Когда же Бердинацци сказал ей о признании Фаусту и о том, что был бы рад такому союзу, она изобразила смущение:

— Дядя, мне надо не о женихах думать, а о том, как заслужить ваше уважение. Я должна много работать, чтобы стать вашей надежной помощницей.

Жеремиас растрогался, но все же спросил, нравится ли ей хоть немного Фаусту.

— Я присмотрюсь к нему, — скромно поджав губы, промолвила Рафаэла.

За день до своего внезапного увольнения Олегариу просматривал поступившую корреспонденцию, и его внимание привлек отчет сыскного агентства. Это был ответ на давний запрос Жеремиаса, разыскивавшего свою племянницу Мариету.

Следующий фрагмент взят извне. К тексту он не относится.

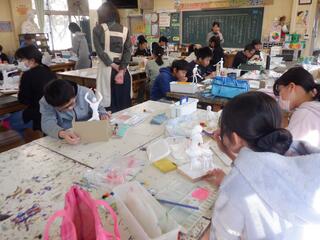 6年生は、図工「未来のワタシ」の製作が順調に進んでいます。いよいよ着色の工程に入りました。細かなところまで塗り残しのないよう、丁寧に作業を行っています。こちらも、完成が楽しみです。

В письме говорилось, что дочь Джакомо Бердинацци, спасшаяся во время автокатастрофы, в больнице получила другое имя — Луана и под этим именем, вероятно, проживает до сих пор.

Олегариу разволновался. Чутье подсказывало ему, что с помощью полученной информации можно будет уличить самозванку во лжи. Надо будет ее невзначай окликнуть ее Луаной и посмотреть, как она отреагирует. А уж потом показать письмо Жеремиасу.

Но осуществить свой план Олегариу не успел, так как сам оказался в опале и был изгнан Жеремиасом. Письмо же осталось при нем, и он навел дополнительные справки о той больнице, в которой лечилась дочка Джакомо.

Теперь надо было лишь поехать туда, отыскать врачей, которые могли бы сказать, как выглядела настоящая Мариета, и, возможно, почерпнуть какие-то другие сведения.

Олегариу уже купил билет до штата Парана, но тут бывшие коллеги донесли ему, что Фаусту, увивается за Мариетой, а Жеремиас этому явно способствует.

«Хорошо, что я не показал им то письмо! — подумал Олегариу. — Фаусту, похоже, все равно, фальшивая Мариета или подлинная. Возможно первый вариант для него даже предпочтительнее: в этом случае аферистку можно склонить к замужеству с помощью шантажа.»

Размышляя таким образом, Олегариу припомнил, что примерно за месяц до появление Мариеты Фаусту вдруг с поразительной настойчивостью стал убеждать хозяина прекратить поиски племянницы, считая их безнадежными. Действовал он конечно же из корыстных побуждений, но Олегариу полагал, что адвокат печется лишь о той доле наследства, которая перепала бы ему от Жеремиаса, так же как и прочим служащим.

Теперь же Олегариу пришло на ум, сто Фаусту уже тогда замахивался на все состояние патрона и попросту готовил почву для своей сообщницы, которая затем представилась Мариетой.

От этой мысли Олегариу бросило в жар. Подумать так дурно о человеке, не имея против него никаких улик?! Это похоже на плод больного воображения. Нет ничего зазорного в том, что Фаусту вознамерился женится на богатой наследнице, к тому же молодой и красивой. Она тоже вполне могла влюбится в Фаусту. И это отнюдь не значит, что они изначально были сообщниками. Странно только, почему Фаусту — опытный юрист — так рассердился, когда Олегариу сказал, что подлинную метрику эта девица могла украсть у подлинной же Мариеты. Почему не стал проверять ее дополнительно? Не поехал в тот город, где она жила в последнее время, не нашел свидетелей, которые подтвердили, что это особа действительно Мариета Бердинаци. Или, наоборот, опровергли…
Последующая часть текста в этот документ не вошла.